O construtor é fornecedor quando edifica unidades imobiliárias, assumindo obrigação de fazer (serviço), seja por empreitada ou administração, bem como obrigação de dar coisa certa (produto) quando vende as ditas unidades para alguém que se coloca como consumidor, destinatário final do imóvel para si e/ou sua família, fechando a cadeia produtiva. É no momento da entrega da obra que principia a parte mais relevante de sua responsabilidade: a responsabilidade pela qualidade e segurança da obra diante de eventual quebra de comutatividade obrigacional decorrente de desconformidade qualitativa do bem à oferta/publicidade, que objetivamente afeta a utilidade do imóvel e o seu valor.
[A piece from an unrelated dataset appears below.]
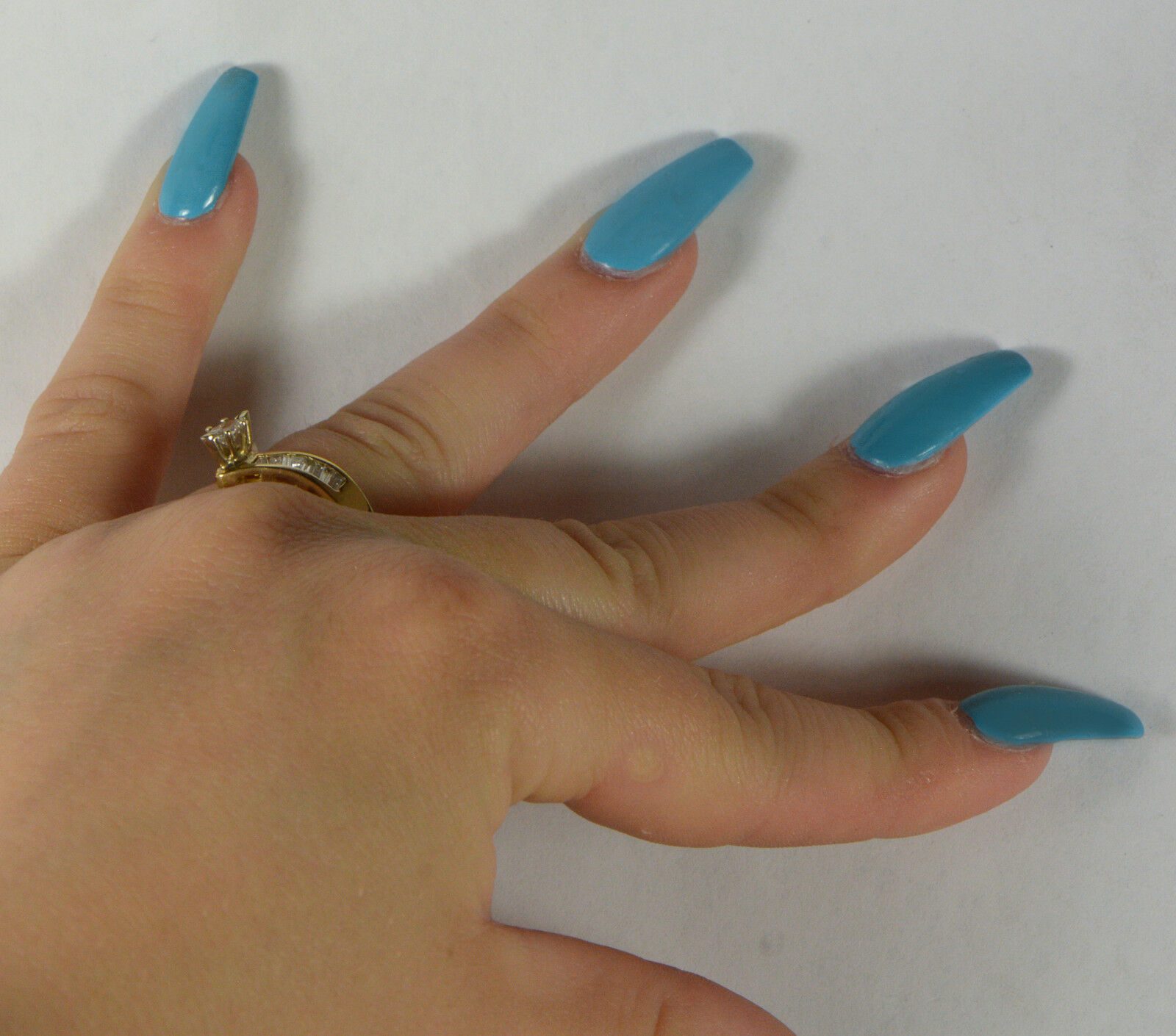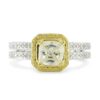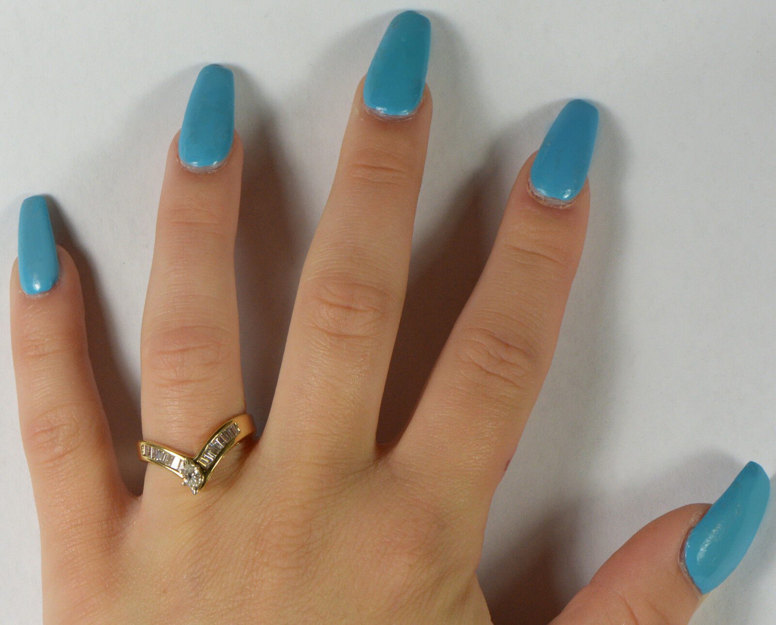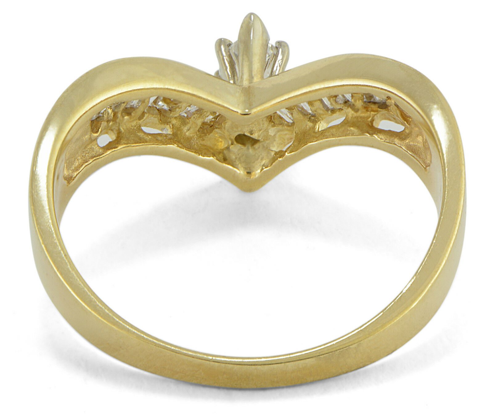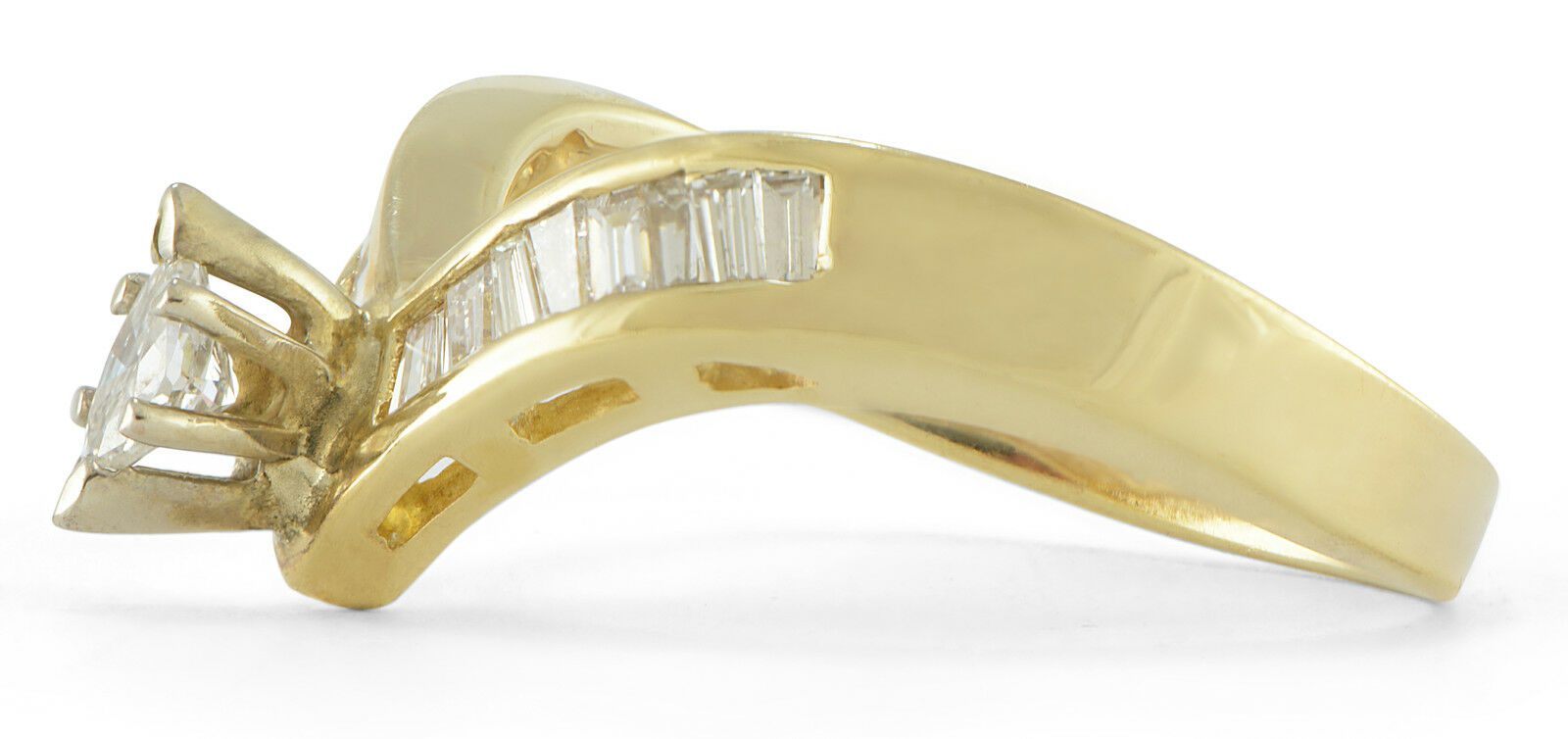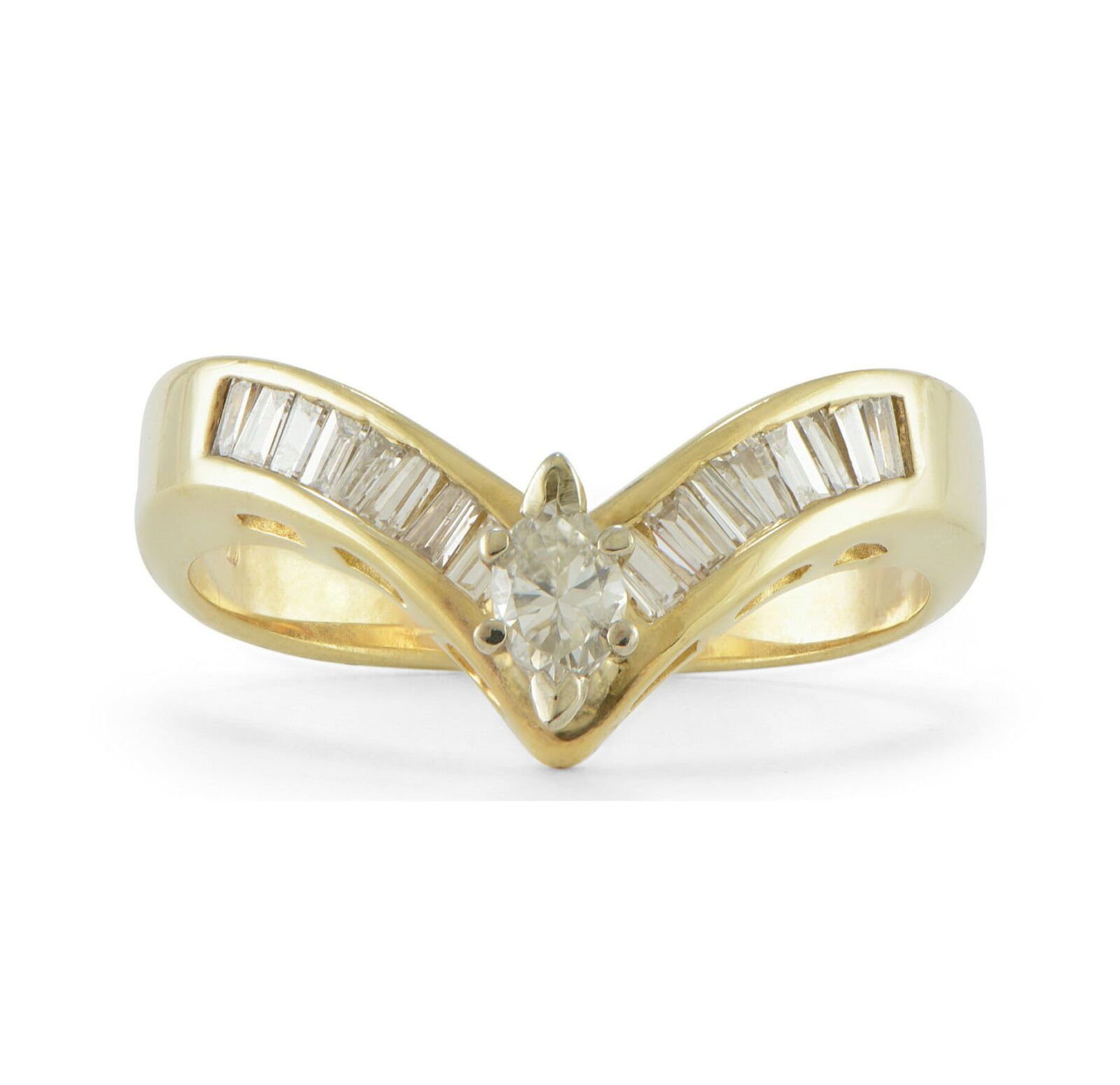 this beautiful 14k yellow gold diamond engagement ring features a marquise diamond in the center setting and has a ‘v’ shape to the front of the ring band. Notice the channel set baguette diamonds along the sides. The diamonds are .75ct tw and si2 clarity.

O incorporador não pode se alforriar perante o condômino (no caso de vício na unidade) ou o próprio condomínio (vício nas áreas comuns) sob alegação de que empreitou as obras a um construtor, que seria o responsável pelo defeito, que por sua vez aduziria não ter contratado com aqueles, mas apenas com o incorporador. O artigo 32 da Lei nº 4.591/64 enuncia a obrigação do incorporador que, embora não tenha efetuado a construção, concretizou a venda de frações ideais de terrenos e a entrega do prédio de acordo com o projeto e memorial descritivo. Na qualidade de contratante inadimplente, impulsionador e principal garantidor do empreendimento, responde o incorporador pela vulneração da garantia de solidez e segurança perante adquirentes de unidades e o condomínio, em solidariedade passiva com o construtor que lhe substitui na execução da obra (artigo 942, CC), uma espécie de terceiro cúmplice na execução do contrato.
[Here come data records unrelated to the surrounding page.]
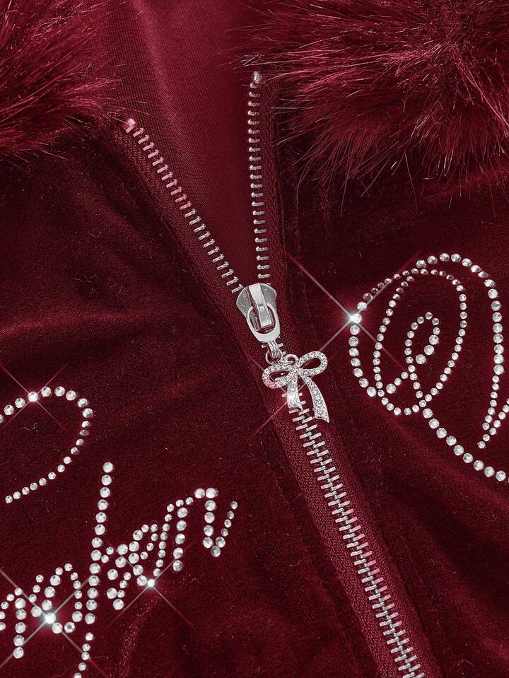 J-Fashion Set de 2 sudaderas con aplicaciones de strass de terciopelo estilo Y2K para mujer, otoño/invierno
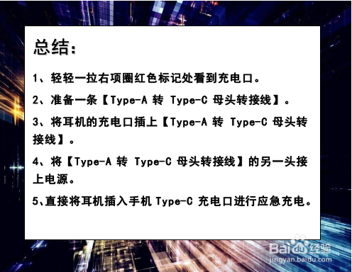 5、直接将耳机插入手机Type-C 充电口进行应急充电。
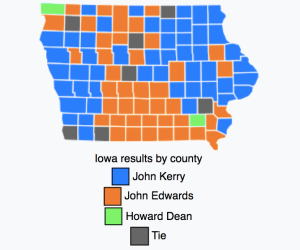 In 2004, left-wing candidate Dennis Kucinich came in second place in Jefferson County with 29% of the vote. Statewide, only 1% of Democratic caucus-goers supported the former Ohio congressman. Howard Dean ended up carrying the county, one of just two Iowa counties that he won.

Em matéria de vícios de qualidade ou de quantidade do produto ou serviço, o CDC discrepa do CC. Primeiramente, não há na Lei nº 8.078/90 prazo fixo específico de garantia em relação à solidez e segurança de edifícios. Assim, possui o consumidor proteção mais abrangente quanto à baixa qualidade dos materiais empregados ou a má técnica aplicada na edificação. No que tange aos vícios aparentes, o sistema do CDC se afasta do CC no qual a responsabilidade do empreiteiro cessa no momento do recebimento (artigo 616, CC). O consumidor deve exigir a reparação no prazo de 90 dias, em se tratando de produtos duráveis, iniciando a contagem a partir da entrega efetiva da obra, não fluindo o citado prazo durante a garantia contratual (artigo 50, CDC).
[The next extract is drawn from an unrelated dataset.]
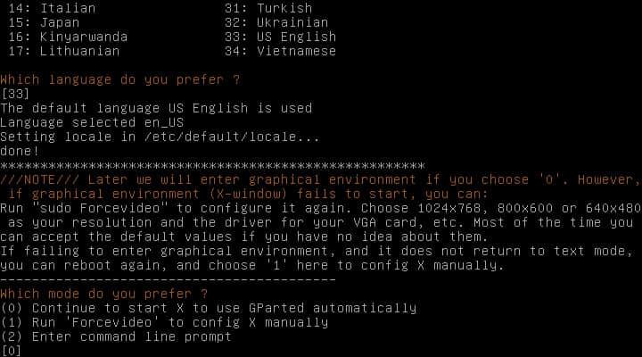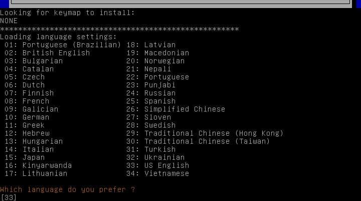 默认情况下,它选择 “33” 美国英语,按下回车即可。

Lado outro, relativamente aos vícios ocultos na obra, estará o adquirente resguardado ainda que estes surjam após o lustro do recebimento, mesmo que o vício só se manifeste após o término do prazo de garantia contratual. A garantia certificada é meramente uma liberalidade do incorporador, materializada em prazos mínimos em que a experiência demonstra que não haverá deterioração dos produtos utilizados na construção. O desiderato é o de "cativar" o adquirente para um contrato de longa duração, acautelando-o em face de ocorrências que discrepem do desgaste natural da construção.
Todavia, se em sua dupla acessão, o vocábulo "cativo" remete ao verbo cativar, seduzir, também pode ser compreendido o "cativo" como aquele ser aprisionado, seja um consumidor a um contrato "cativo" de longa duração, seja o fornecedor a uma garantia
ad eternum. Em ambos os casos as amarras devem ser soltas, ensejando-se ao consumidor a liberdade de se desvincular de um negócio jurídico cuja finalidade se frustrou por um vício construtivo que frustrou sua legítima expectativa, como também para o fornecedor que, ao contrário do dito de Saint-Exupéry,
"não se torna eternamente responsável por aquele consumidor que cativa".
Em princípio, a literalidade do §3° do artigo 26 do CDC situa o limiar do prazo decadencial de 90 dias, no momento
"em que ficar evidenciado o defeito". Em princípio, a abertura da norma aponta para uma indiscriminada margem de liberdade do adquirente para a qualquer tempo, sendo suficiente que interpele extrajudicialmente o fornecedor, preferencialmente com um laudo que indique o vício construtivo, de forma a interromper a fluência do prazo legal até que o construtor/incorporador informe a sua posição sobre a reclamação. Nada obstante, a liberdade do consumidor deve se adequar à sua responsabilidade, ou seja, a uma conduta diligente que se amolde a um
standard normativo de um "bom consumidor".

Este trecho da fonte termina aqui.